▽

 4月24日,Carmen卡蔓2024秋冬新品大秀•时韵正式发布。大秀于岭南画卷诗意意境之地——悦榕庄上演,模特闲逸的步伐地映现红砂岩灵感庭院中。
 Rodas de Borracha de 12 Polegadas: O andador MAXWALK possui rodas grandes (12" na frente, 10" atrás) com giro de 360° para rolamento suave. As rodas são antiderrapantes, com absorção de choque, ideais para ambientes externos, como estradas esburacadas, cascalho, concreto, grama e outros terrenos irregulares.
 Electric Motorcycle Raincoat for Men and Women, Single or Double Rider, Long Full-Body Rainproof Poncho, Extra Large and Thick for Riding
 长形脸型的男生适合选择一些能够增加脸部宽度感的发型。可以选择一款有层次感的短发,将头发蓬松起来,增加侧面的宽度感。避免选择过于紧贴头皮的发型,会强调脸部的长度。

△
▽

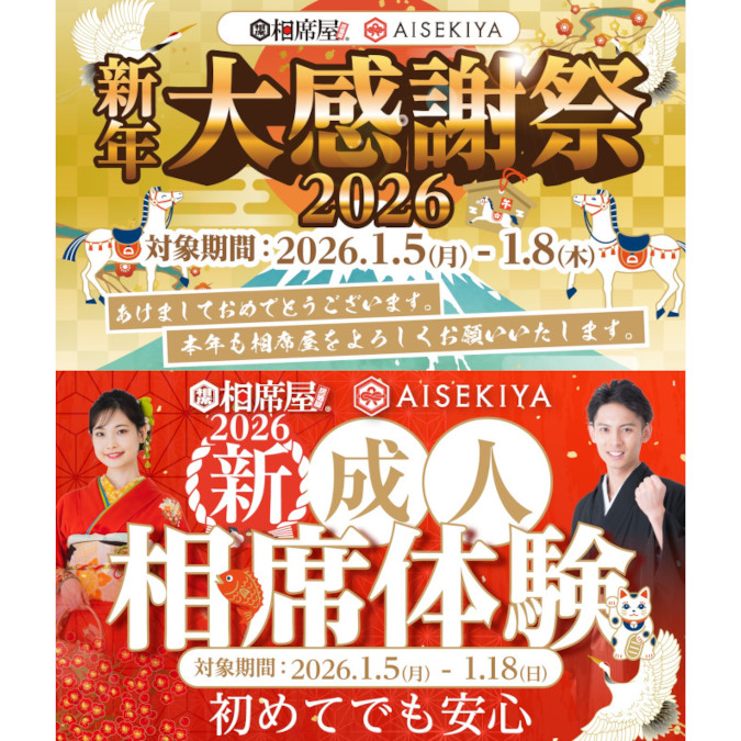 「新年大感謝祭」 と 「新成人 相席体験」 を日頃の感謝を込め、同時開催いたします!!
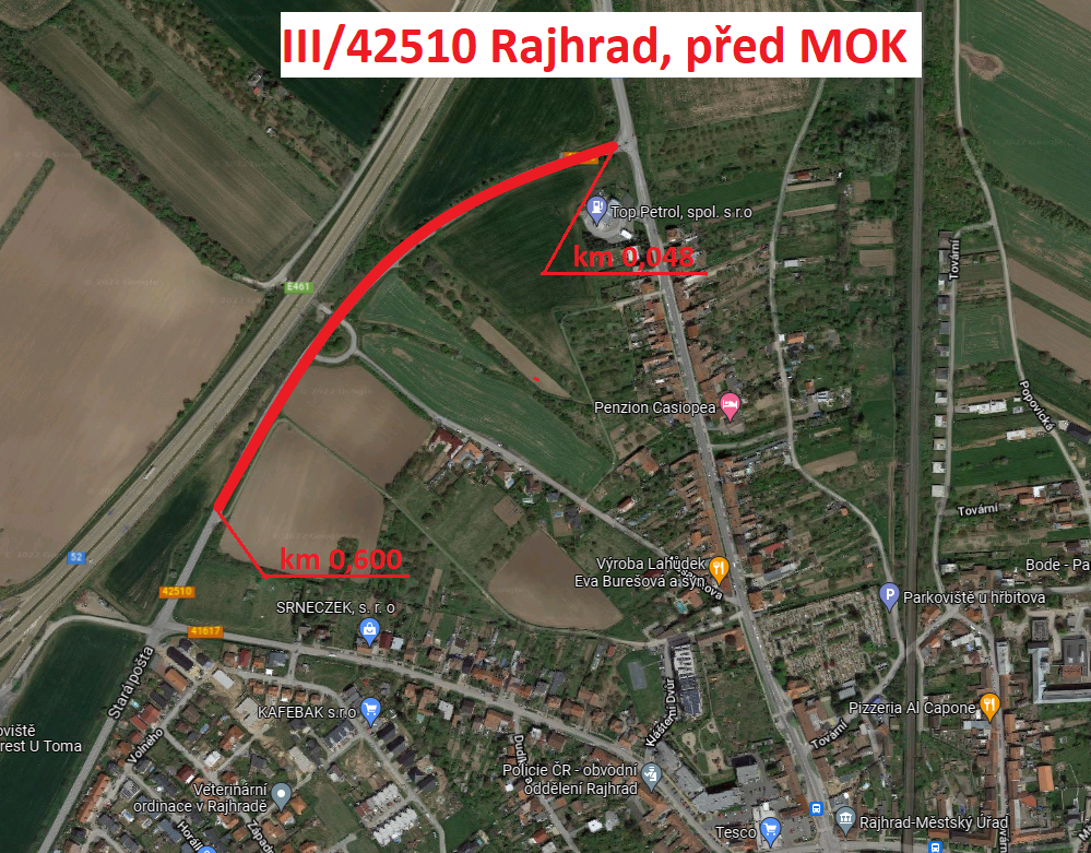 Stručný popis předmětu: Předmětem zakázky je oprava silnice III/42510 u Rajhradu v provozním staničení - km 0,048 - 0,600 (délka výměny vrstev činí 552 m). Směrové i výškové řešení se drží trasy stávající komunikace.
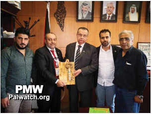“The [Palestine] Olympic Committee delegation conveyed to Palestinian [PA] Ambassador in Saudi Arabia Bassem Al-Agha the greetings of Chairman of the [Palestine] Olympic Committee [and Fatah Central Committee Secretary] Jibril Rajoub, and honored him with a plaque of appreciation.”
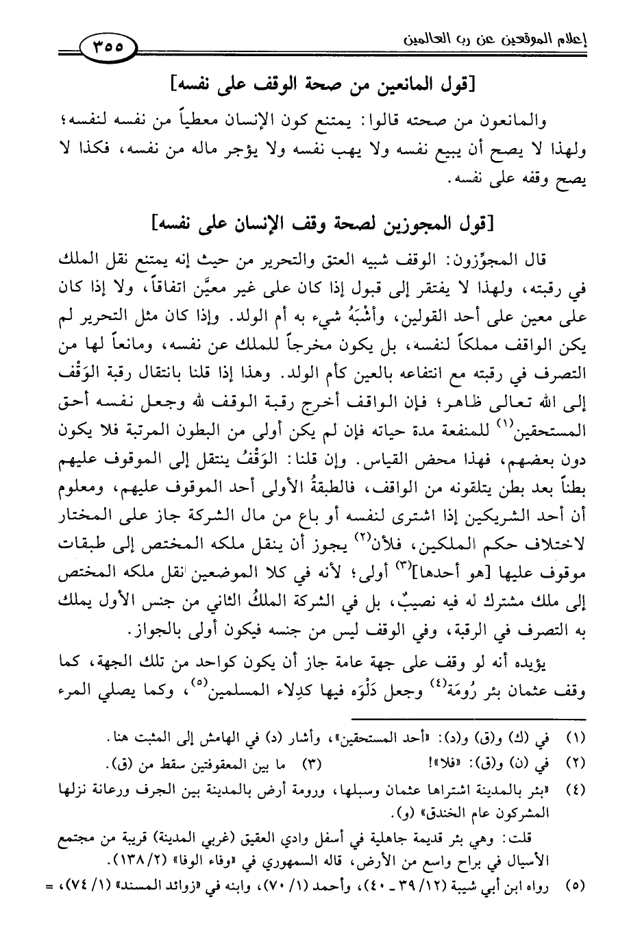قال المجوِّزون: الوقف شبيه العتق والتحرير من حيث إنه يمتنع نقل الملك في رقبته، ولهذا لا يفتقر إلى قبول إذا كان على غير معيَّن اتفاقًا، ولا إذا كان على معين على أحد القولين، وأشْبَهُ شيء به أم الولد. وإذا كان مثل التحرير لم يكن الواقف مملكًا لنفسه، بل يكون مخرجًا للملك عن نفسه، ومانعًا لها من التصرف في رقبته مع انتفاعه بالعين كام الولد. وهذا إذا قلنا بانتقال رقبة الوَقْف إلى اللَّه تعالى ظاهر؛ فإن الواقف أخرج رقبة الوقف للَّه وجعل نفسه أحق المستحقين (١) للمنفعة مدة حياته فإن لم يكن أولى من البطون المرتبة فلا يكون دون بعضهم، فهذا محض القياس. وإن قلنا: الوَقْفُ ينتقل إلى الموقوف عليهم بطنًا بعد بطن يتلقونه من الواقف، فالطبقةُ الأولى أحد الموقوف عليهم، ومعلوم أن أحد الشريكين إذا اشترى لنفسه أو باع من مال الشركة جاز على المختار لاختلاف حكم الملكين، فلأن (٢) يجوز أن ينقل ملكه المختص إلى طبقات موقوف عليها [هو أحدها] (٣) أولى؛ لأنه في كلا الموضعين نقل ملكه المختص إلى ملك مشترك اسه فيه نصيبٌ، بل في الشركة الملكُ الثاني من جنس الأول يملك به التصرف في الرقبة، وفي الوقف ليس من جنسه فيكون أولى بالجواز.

△
▽

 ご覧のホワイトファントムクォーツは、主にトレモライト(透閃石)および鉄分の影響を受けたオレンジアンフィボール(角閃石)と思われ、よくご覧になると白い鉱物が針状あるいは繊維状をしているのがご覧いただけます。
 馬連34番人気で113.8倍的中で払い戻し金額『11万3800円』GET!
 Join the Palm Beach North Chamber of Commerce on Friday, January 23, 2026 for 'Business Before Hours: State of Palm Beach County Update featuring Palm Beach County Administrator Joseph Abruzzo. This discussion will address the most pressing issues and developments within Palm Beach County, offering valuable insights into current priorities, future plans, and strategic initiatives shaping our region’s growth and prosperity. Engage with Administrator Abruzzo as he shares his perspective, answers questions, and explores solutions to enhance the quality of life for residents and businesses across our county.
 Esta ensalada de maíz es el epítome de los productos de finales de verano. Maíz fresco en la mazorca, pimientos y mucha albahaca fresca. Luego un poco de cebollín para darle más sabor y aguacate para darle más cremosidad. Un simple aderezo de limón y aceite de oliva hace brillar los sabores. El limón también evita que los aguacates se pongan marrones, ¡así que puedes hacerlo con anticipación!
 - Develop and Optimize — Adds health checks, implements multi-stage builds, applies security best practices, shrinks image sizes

△

What the task asks — Every line holding the string "para" should be copied here, so please find those lines in the data.

Finished task —
 Rodas de Borracha de 12 Polegadas: O andador MAXWALK possui rodas grandes (12" na frente, 10" atrás) com giro de 360° para rolamento suave. As rodas são antiderrapantes, com absorção de choque, ideais para ambientes externos, como estradas esburacadas, cascalho, concreto, grama e outros terrenos irregulares.
 Esta ensalada de maíz es el epítome de los productos de finales de verano. Maíz fresco en la mazorca, pimientos y mucha albahaca fresca. Luego un poco de cebollín para darle más sabor y aguacate para darle más cremosidad. Un simple aderezo de limón y aceite de oliva hace brillar los sabores. El limón también evita que los aguacates se pongan marrones, ¡así que puedes hacerlo con anticipación!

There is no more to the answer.